Nick Bilton on Silicon Valley Startups and the Silk Road

AmericanKingpin200After reading Nick Bilton's book, American Kingpin, about the wild west entrepreneur Ross Ulbricht, the man behind the Dark Net site Silk Road, I was inspired to download the Audible version of The Upstarts, Brad Stone's account of the visionaries who started two other companies that have changed the way we live and travel--Uber and Airbnb. 

I'd previously asked Bilton if he would write something for The Amazon Book Review, and the morning I received his piece below, I had just finished The Upstarts and was struck by the connection between the personalities in that book, and that of Ross Ulbricht.  As you'll see below, I was not alone in these thoughts, as Bilton himself ponders the "what if" of Ulbricht's choice of a startup that changed our world in unexpected ways...
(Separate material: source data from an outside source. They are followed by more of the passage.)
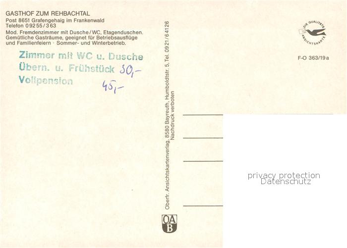 73658630 Grafengehaig Gasthof Zum Rehbachtal Restaurant Fremdenzimmer postalisch nicht gelaufen Erhaltung siehe scans [FriedD77] KatCode: 11110009477117
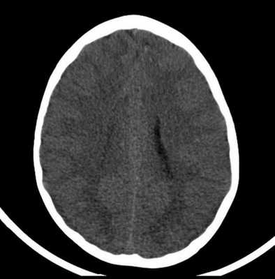 Рисунок 2 | 9-тилетний мальчик, переживший ДТП. КТ, сделанная в день травмы, показала несколько гиперденсных фокусов в левой лобной доле.
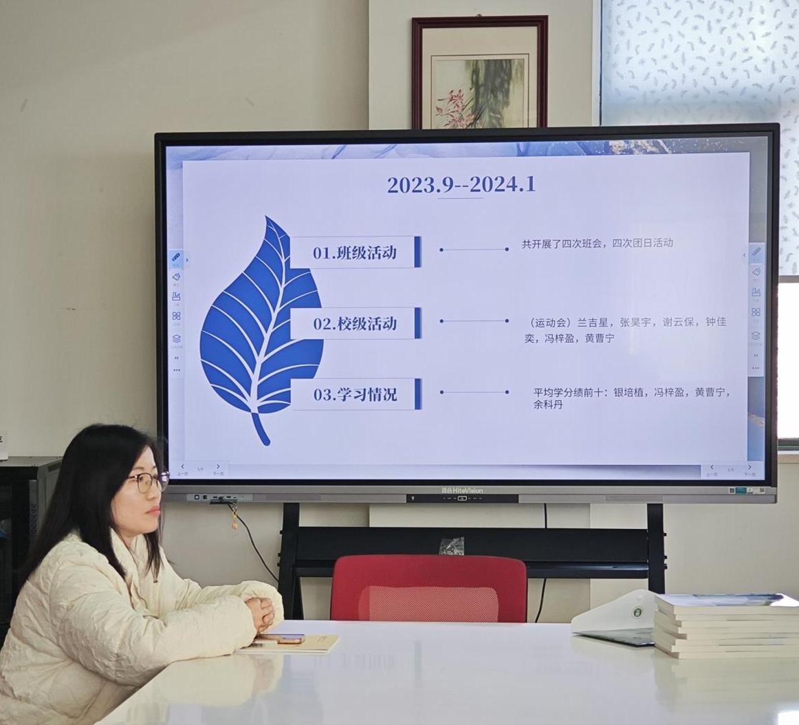 班会伊始,班长何清川从班团活动、校院活动、学习情况等方面对上学期班级成果进行总结。金晶老师对班级总体成绩表示肯定和赞扬,鼓励大家向银培植、冯梓盈、黄曹宁、余科丹四名位列专业前十的同学学习,同时她也希望班级能建立更良好的学习氛围,同学们一起成长、共同进步。随后,通过转专业考试的七位新同学依次向大家做自我介绍。同学们纷纷热情地鼓掌,欢迎他们的到来。
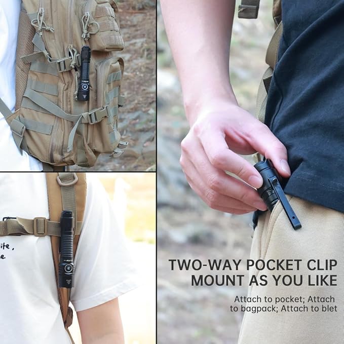 - DESIGNED FOR EDC - Take the TD05 tactical flashlight anywhere with a steel pocket clip that can be attached to backpacks, belts, and MOLLE systems for easy access, or use the included or lanyard for everyday carry.
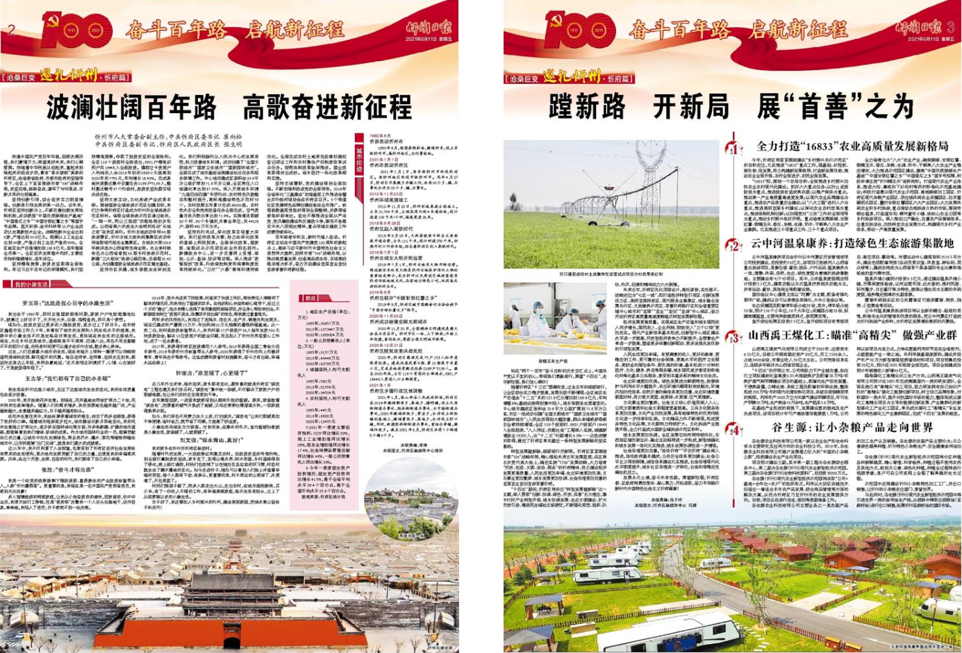 欣逢中國共產(chǎn)黨百年華誕,回顧光輝歷程,我們豪情萬丈;展望美好未來,我們心潮澎湃。伴隨著中華民族從站起來、富起來到強(qiáng)起來的前進(jìn)步伐,素有“晉北鎖鑰”美稱的忻府區(qū),在省委省政府、市委市政府的堅(jiān)強(qiáng)領(lǐng)導(dǎo)下,全區(qū)上下緊緊圍繞市委“336”戰(zhàn)略布局,攻堅(jiān)克難,砥礪奮進(jìn),譜寫了與時(shí)俱進(jìn)、日新月異的壯麗篇章。

When reporting the book American Kingpin, about the rise and fall of the Silk Road drug and guns website, I encountered so many twists and turns that the story almost seemed completely unbelievable. Yet for me, a journalist who has covered Silicon Valley and tech culture for over a decade, the similarities with the way the Silk Road and traditional startups are run was astounding.

For example, I could show you a quote from Ross Ulbricht, the creator of the Silk Road, and another statement from Travis Kalanik, the CEO of Uber, and you wouldn't be able to tell who had said (or written) which passage. I could do the same with discussions between the Dread Pirates Roberts, the secret moniker Ulbricht used while running his drug and guns empire, and his underlining, and those between Mark Zuckerberg or Steve Jobs, and their respective employees, and those too would be indistinguishable. Ulbricht ran his website with the same ambition, authority and hunger as the CEOs in Silicon Valley who run the world we live in today. They have all read the same libertarian books, cited the same anti-big government stance, and have used their smarts and coding ability to "disrupt" industries they all see as over-regulated and unfair to consumers.

The big difference, of course, is that the CEO of Uber chose to disrupt the taxi cartels, the founders of Airbnb chose hotels, and Ross Ulbricht decided he was going to disrupt the illegal drug and guns industry.

In the end though, the ambition of both almost always seems to come at a cost. For traditional startups in The Valley, overly aggressive CEOs end up getting fired, sued, or, more often than not, investigated by a government entity. In Ross Ulbricht's case, he ended up getting arrested and sentenced to two life sentences in jail. You have to wonder, though, what would have happened had he decided to go after the taxi or hotel industry, instead.